Chiodectonic acid
- Names: IUPAC name 2-Acetyl-3,5,6,8-tetrahydroxy-7-methoxybenzo[f][1]benzofuran-4,9-dione

Identifiers
- 3D model (JSmol): Interactive image;
- ChEBI: CHEBI:144214;
- PubChem CID: 138756199;

Properties
- Chemical formula: C_{15}H_{10}O_{8}
- Molar mass: 318.237 g·mol^{−1}
- Appearance: Dark red rhombic plates
- Melting point: 294–296 °C (561–565 °F; 567–569 K)

= Chiodectonic acid =

Chemical compound found in some lichens

Chiodectonic acid is an organic compound in the structural class of chemicals known as anthraquinones. It occurs as a secondary metabolite in some lichens.

==History==

The red pigment "pyxiferin" was first isolated from the lichen Pyxine coccifera by K. Chandrasenan and colleagues in 1965, who proposed a biphenylquinone structure for it. Later, during research on chiodectonic acid, Wolfgang Steglich noticed that this pigment shared the same Rf value in thin-layer chromatography (TLC) as chiodectonic acid from Chiodecton sanguineum. Though initial investigation was limited by the small amount of lichen material available, subsequent analysis of a larger quantity of P. coccifera confirmed that "pyxiferin" was actually identical to chiodectonic acid. Since chiodectonic acid had been previously described by Oswald Hesse in 1904, this name takes precedence.

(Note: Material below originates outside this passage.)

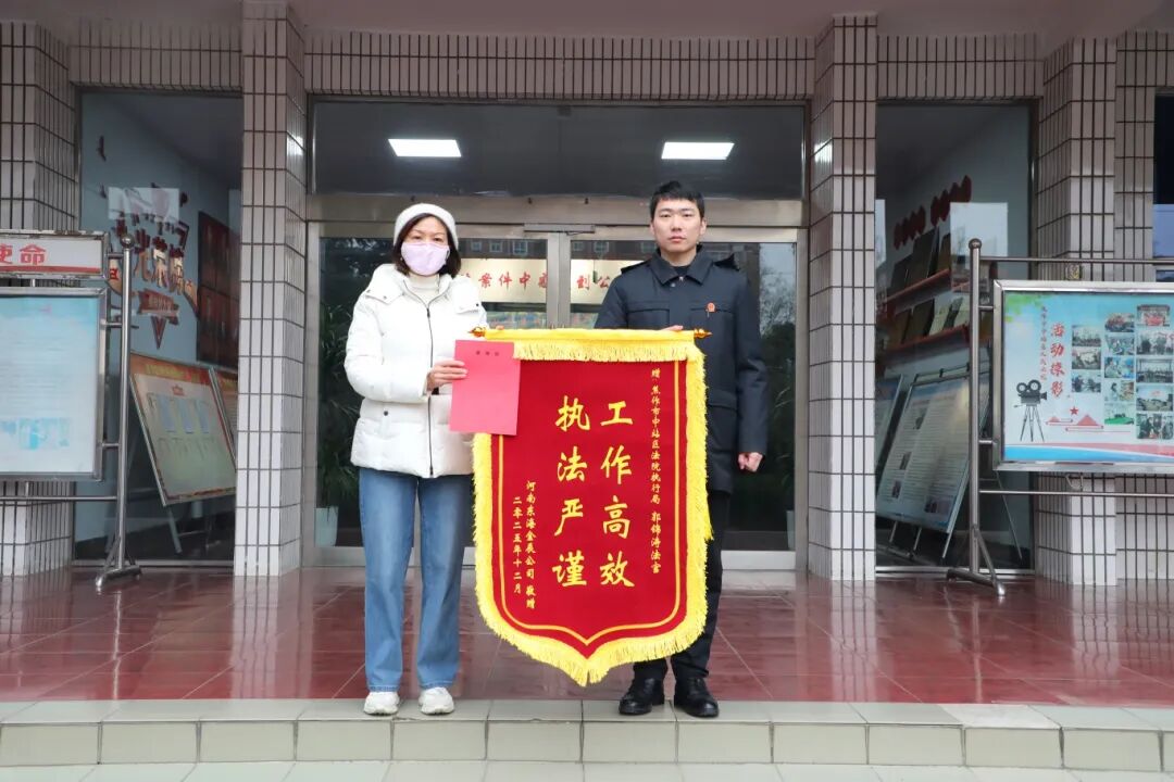 另一面印着“工作高效 执法严谨”的锦旗,来自一起中介合同纠纷执行案。被执行公司未履行判决义务,执行团队迅速响应,通过精准查控、及时扣划,仅用5天便将案款执行到位,并主动协调发放事宜,打通了权益实现的“最后一公里”。“法官不仅办案高效,更实实在在为企业排忧解难!”申请企业负责人送来锦旗与感谢信时的由衷感叹,正是对法院优化营商环境、护航企业发展的最佳褒奖。

Further analysis showed that the compound from both lichens had the molecular formula C_{15}H_{10}O_{8}, contradicting the C_{13}H_{8}O_{8} formula that Chandrasenan et al. had reported for pyxiferin.

==Properties==
Chiodectonic acid is a member of the class of chemical compounds called anthraquinones. Specifically, it is a naphthoquinone derivative. Its IUPAC name is 2-acetyl-3,5,6,8-tetrahydroxy-7-methoxybenzo[f][1]benzofuran-4,9-dione. The ultraviolet absorbance maxima (λ_{max}) has three peaks at 287, 510, and 538 nm. In the infrared spectrum, peaks occur at 736, 800, 816, 828, 854, 944, 970, 1008, 1042, 1076, 1120, 1176, 1290, 1410, 1456, 1534, 1590, 1624, 1658, 3000, and 3340 cm^{−1}. Chiodectonic acid's molecular formula is C_{15}H_{10}O_{8}; it has a molecular mass of
334.23 grams per mole. In its purified form, it exists as dark red rhombic plates with a melting point of 294–296 C.